**MATERIAL PROVIDED**
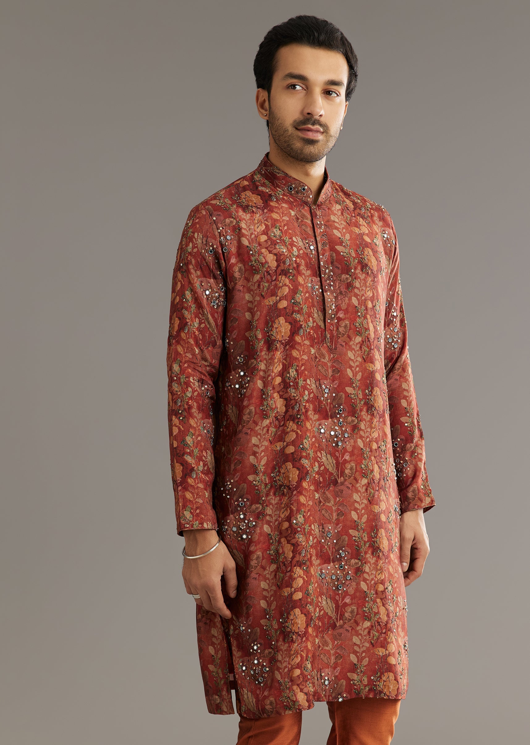Rich rust-red hues on this pashmina silk kurta set glow with stone embellishments ideal for a regal festive look. Awarded as the Most Trusted Brand, we're delivering styles you love,... More Product Details
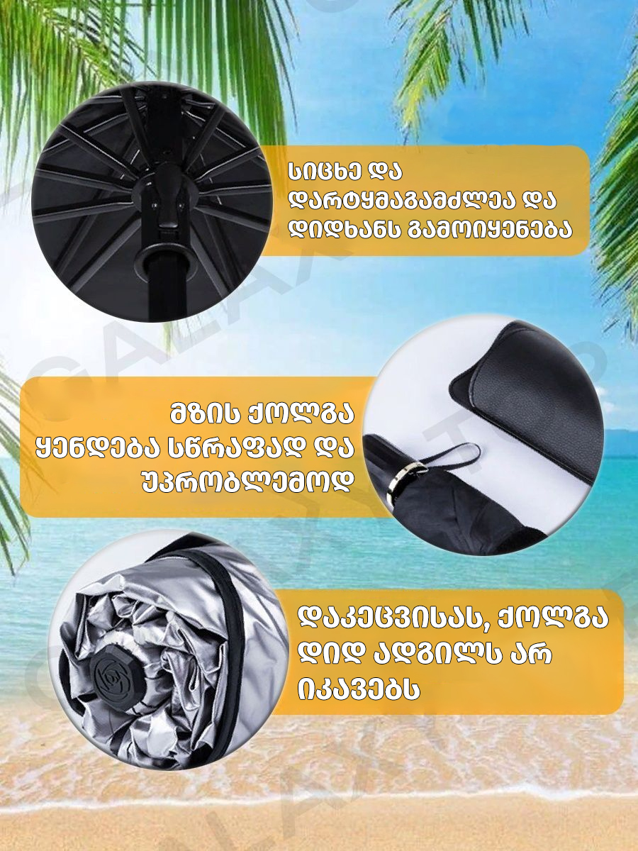 იდეალური ხელსაწყო მანქანის ინტერიერისა და პანელის მზისგან დასაცავად - საქარე მინის დასაკეცი ქოლგა არის შეუცვლელი აქსესუარი, რომელიც დაიცავს თქვენს მანქანას მზის სხივების მავნე ზემოქმედებისაგან. ეს აქსესუარი ძალიან კარგი საშუალებაა იმისთვის, რომ დაიცვათ თქვენი მანქანა და სალონი მზის სხივებისა და სიცხისგან.
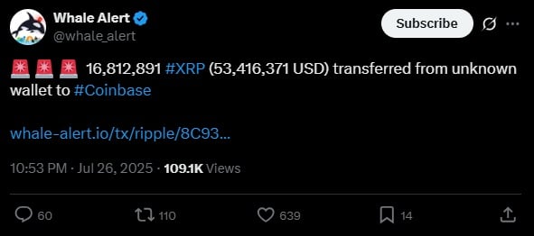 W ostatnich godzinach uwagę komentatorów przyciągają tajemnicze ruchy dużych posiadaczy. Wieloryby nie próżnują i ciągle wykonują ruchy, które wprawiają w zakłopotanie cały rynek. Szczególnie zastanawiający jest ruch jednego z dużych posiadaczy Ripple. Jak wynika z ustaleń Whale Alart, nieznany portfel przeniósł na giełdę Coinbase 16 812 891 sztuk XRP. Jak podała platforma, która śledzi wieloryby, w momencie transferu tokeny był warte ponad 53 mln dolarów.
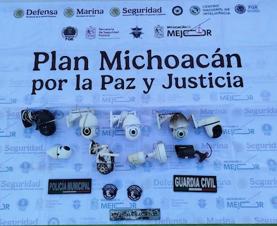 Jacona, Michoacán- Resultado de un operativo interinstitucional coordinado entre los elementos de la Secretaría de Seguridad Pública (SSP), de la Guardia Nacional (GN), y la Policía Municipal de Jacona, se aseguró un circuito de videovigilancia conformado por nueve cámaras, presuntamente utilizado por un grupo de la delincuencia organizada.

**ACTION ITEM**
Write out the data word for word. Any picture is to be skipped.

**SOLUTION FOR THIS TASK**
Rich rust-red hues on this pashmina silk kurta set glow with stone embellishments ideal for a regal festive look. Awarded as the Most Trusted Brand, we're delivering styles you love,... More Product Details
 იდეალური ხელსაწყო მანქანის ინტერიერისა და პანელის მზისგან დასაცავად - საქარე მინის დასაკეცი ქოლგა არის შეუცვლელი აქსესუარი, რომელიც დაიცავს თქვენს მანქანას მზის სხივების მავნე ზემოქმედებისაგან. ეს აქსესუარი ძალიან კარგი საშუალებაა იმისთვის, რომ დაიცვათ თქვენი მანქანა და სალონი მზის სხივებისა და სიცხისგან.
 W ostatnich godzinach uwagę komentatorów przyciągają tajemnicze ruchy dużych posiadaczy. Wieloryby nie próżnują i ciągle wykonują ruchy, które wprawiają w zakłopotanie cały rynek. Szczególnie zastanawiający jest ruch jednego z dużych posiadaczy Ripple. Jak wynika z ustaleń Whale Alart, nieznany portfel przeniósł na giełdę Coinbase 16 812 891 sztuk XRP. Jak podała platforma, która śledzi wieloryby, w momencie transferu tokeny był warte ponad 53 mln dolarów.
 Jacona, Michoacán- Resultado de un operativo interinstitucional coordinado entre los elementos de la Secretaría de Seguridad Pública (SSP), de la Guardia Nacional (GN), y la Policía Municipal de Jacona, se aseguró un circuito de videovigilancia conformado por nueve cámaras, presuntamente utilizado por un grupo de la delincuencia organizada.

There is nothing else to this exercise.